あほらしい、と我に返った。雰囲気でその人を好きになりかけた。自分だけが盛り上がっていた。これまでの真面目な自分が恥ずかしく、同時に目の前の人の手のひらで転がされていたことに悲しくなった。もしかしたらその人は転がしている気もなかったのかもしれない。私が勝手にその手によじ登って、居心地良くゴロゴロしていただけなのかもしれない。この悔しくて悲しくて、ついでに寂しい気持ちを誰にどんなふうに伝えたら気が済むのか。気の済ませ方を知らなくて辛かった。

とはいえ、初めて遊ばれるという経験をして、自分に新たな感情がたくさん芽生えたことは良かった…いや、良くないけど収穫だったと思う。2番目以降の女の気持ちを体感した。以前からクリープハイプの歌は物語のようで好きだったが、あれは物語ではなく完全リアルなのだと知った。あるあるなのだ。恋愛する人間がいる限り、一人のことしか愛せない人間がいる限り、複数の人に愛されたい人間がいる限り、ああ。クリープハイプは響き続ける。本当に、ああ。という気持ちだ。こんな世界があったんだ。恋愛経験が少ない私には、こんなにも通過していない感情があったのか。情けない。

男性に彼女の有無を聞くと、大概「いないよ」と返してくる。そして、絶対モテるやんという言葉に対してはまんざらでもない顔をする。おい、絶対彼女おるやん。百歩譲って彼女はいなくても彼女にできそうな女はいるんだろう。私がいいなと思える男性が放し飼いにされている確率は本当に低い。彼女おらんの?は愚問だとも思う。もう最初から、私は彼女になれる可能性はありますか?と聞きたいくらいだ。ビッチ!

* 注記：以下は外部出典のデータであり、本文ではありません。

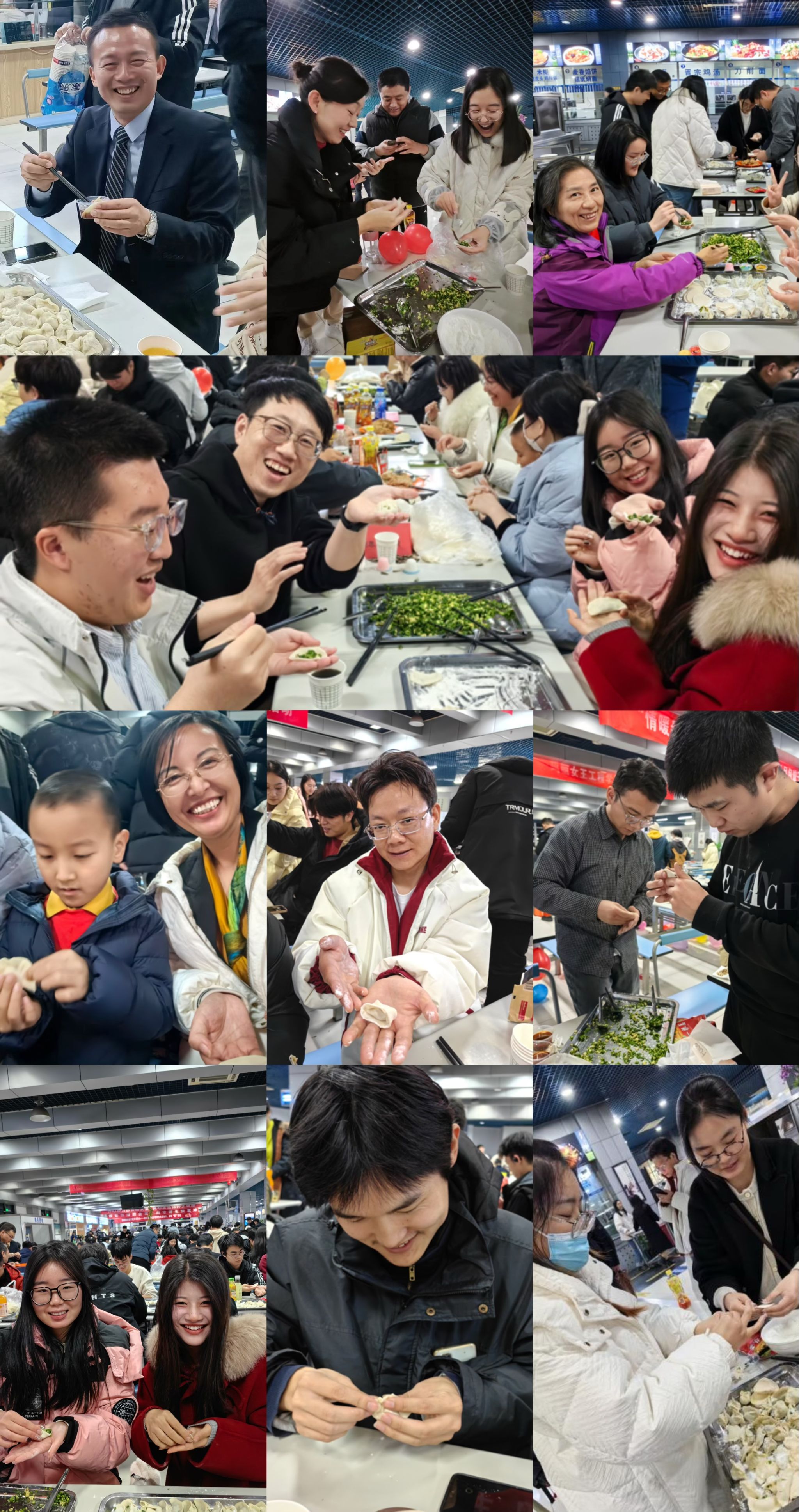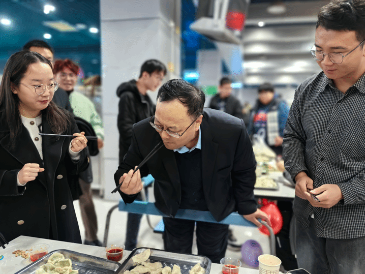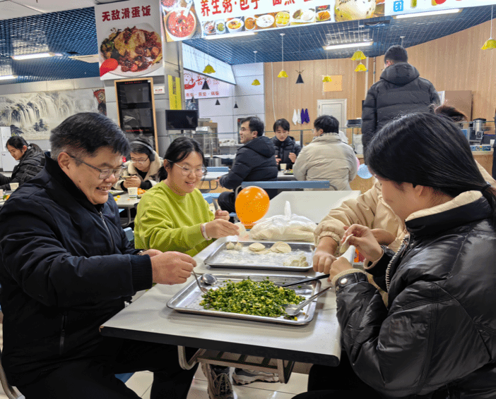学院党委书记蒲传新老师、党委副书记李刚老师、武婉珍老师、班主任宁殿霞老师、博士生辅导员高红波老师、硕士生辅导员王换老师、班主任吕焰老师与同学们欢聚一堂,就如何包饺子、如何包好饺子展开了细致的“研究”,在交流中增进了生活本领,欢声笑语不断,师生情渐浓。

サバサバと書き殴ってきたが、私も傷ついた。慰めでもいい、とも考えた。でも、やっぱりその人のことが大事ではあるから、そんな乱暴な気の済ませ方はやめた。
その人はどうやって寂しさを埋めてきたんだろう。教えて欲しい。私も今すぐその通りにしたい。寂しいから遊んでくれたんだろう。自分のことしか考えずに、埋め合わせで遊んでくれたんだろう。その人だけを愛してくれる彼女だけでは足りないくらい寂しいのだろうか。彼女とはうまくいっていないのだろうか。うまくいってたら別の女必要ないじゃん。うまくいっててよ。ちゃんと大切にして愛を受け取ってよ。ほんとに、ほんとに、ちゃんと愛されますように。
恋愛はあほらしい。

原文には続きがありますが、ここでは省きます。